[Data section Boundary: Start]
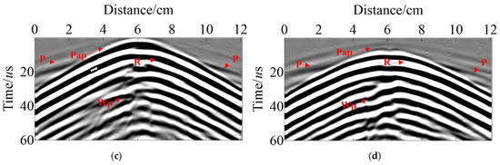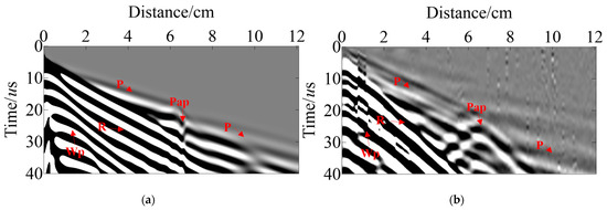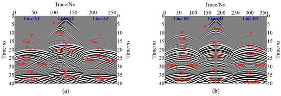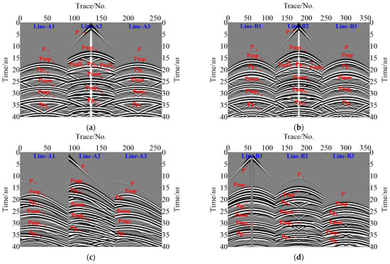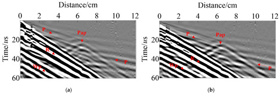 The sensor settings in Model-2 align well with those in Model-1, Figure 8a,b are the records of shot-4. As can be seen in Figure 8, the energy of the direct P wave in Line-A1, -A3, and -B3 is relatively weak, while the energy of the direct wave in Line-B1, -B2, and -A2 is relatively strong due to the relationship between the shot point’s location and the sensor design. The effective signals of Pap from the inclusion defects are weak in Line-θ1 and -θ3, but stronger in Line-θ2, which can clearly be identified. Furthermore, Ppap from the pipeline’s inner wall via the slag inclusion as well as PmD1 and PmD2 generated from the inclusion defects endpoints are clearly found in all the records, which has helped to image lower boundaries of slag inclusion.
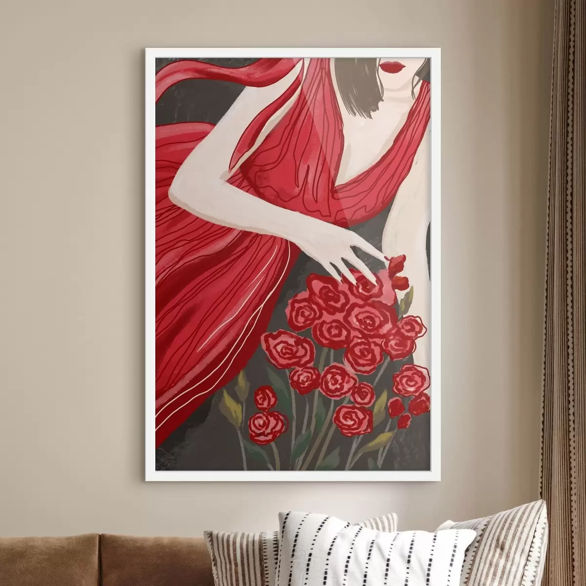 Poster Vrouw in rode jurk met rozenboeket Nr f48026
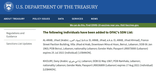 Jamil Sayyed, Jihad Al Arab, Dany Khoury sanctionnés par les Etats-Unis
[Data section Boundary: End]
# [What you need to do]
Copy out the data above exactly, except the pictures.

# [Exercise solution]
 The sensor settings in Model-2 align well with those in Model-1, Figure 8a,b are the records of shot-4. As can be seen in Figure 8, the energy of the direct P wave in Line-A1, -A3, and -B3 is relatively weak, while the energy of the direct wave in Line-B1, -B2, and -A2 is relatively strong due to the relationship between the shot point’s location and the sensor design. The effective signals of Pap from the inclusion defects are weak in Line-θ1 and -θ3, but stronger in Line-θ2, which can clearly be identified. Furthermore, Ppap from the pipeline’s inner wall via the slag inclusion as well as PmD1 and PmD2 generated from the inclusion defects endpoints are clearly found in all the records, which has helped to image lower boundaries of slag inclusion.
 Poster Vrouw in rode jurk met rozenboeket Nr f48026
 Jamil Sayyed, Jihad Al Arab, Dany Khoury sanctionnés par les Etats-Unis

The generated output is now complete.